Five months ago, we found another property about a mile from our original retreat. It is an old farm on 40 acres. In many ways it is better than our first retreat as it has a barn, a great chicken coop, a woodworking shop, several usable outbuildings (one of which I hope to turn into my gunsmith shop), a deep well with great quality water, 3 fenced pastures, a horse training arena, two ponds, three hunting stands. It is also adequately insured. A plus is that it has a mobile home pad with all the hookups. I’ve already bagged my second deer, and we’ve got around 100 chickens, ducks and turkeys. Unfortunately, it’s also on a well-traveled 2 lane state highway, and the house sits fairly close to the road. We plan to take advantage of that “negative” by turning the arena into a market garden, and setting up a vegetable stand for extra income.

We have again started rebuilding our prepping supplies, food storage, firearms, equipment, tools and resources.

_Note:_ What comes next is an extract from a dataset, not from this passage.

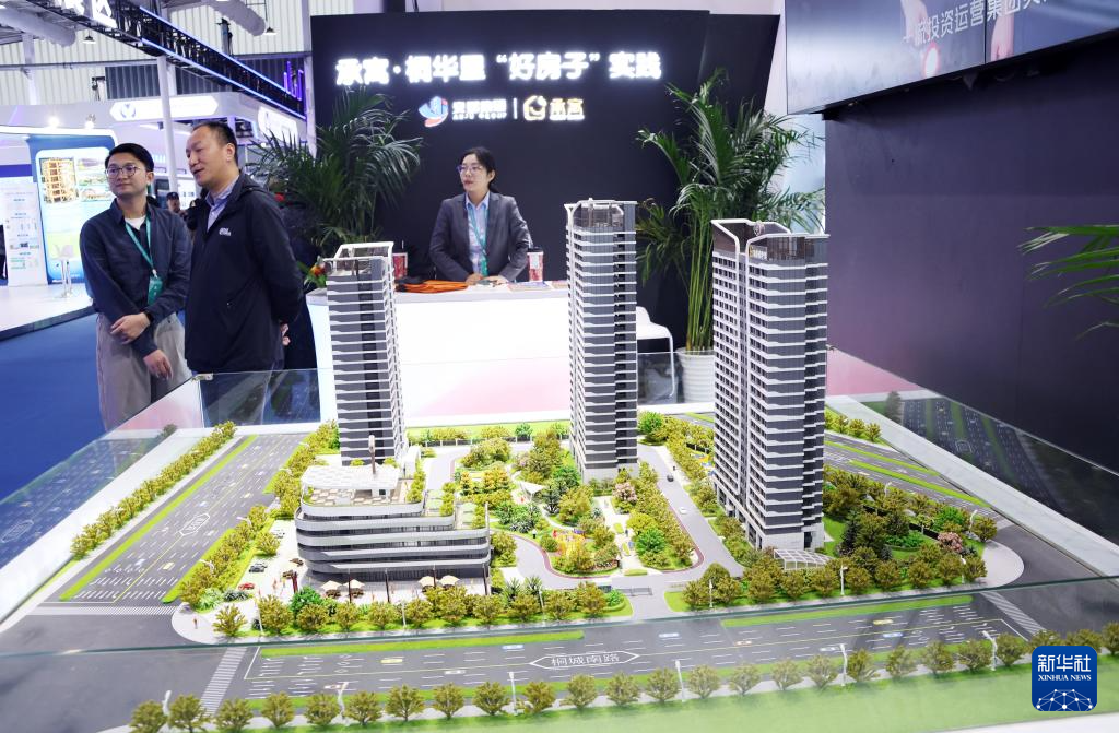 11月6日,参观者在住博会上观看展出的一体化民居模型。

I now am very aware that any electrical defects or questionable or aging wiring or fixtures need to be addressed immediately. We know what we can now live without if we have to. We know that we should not put all our eggs in one basket, unless it’s from the chickens – splitting our supplies between our suburban home and our country retreat gives us a better sense of prepping for in-place and bug out situations. We learned that we can always start over from right where we are, no matter the past or current circumstances. Who needs TEOTWAWKI movies when we’ve lived through it? Through all our challenges, we have held onto our purpose and our hope. Our family is closer as we have worked together to restore our interrupted prepping/homesteading life, and my wife and I can again begin planning for retirement.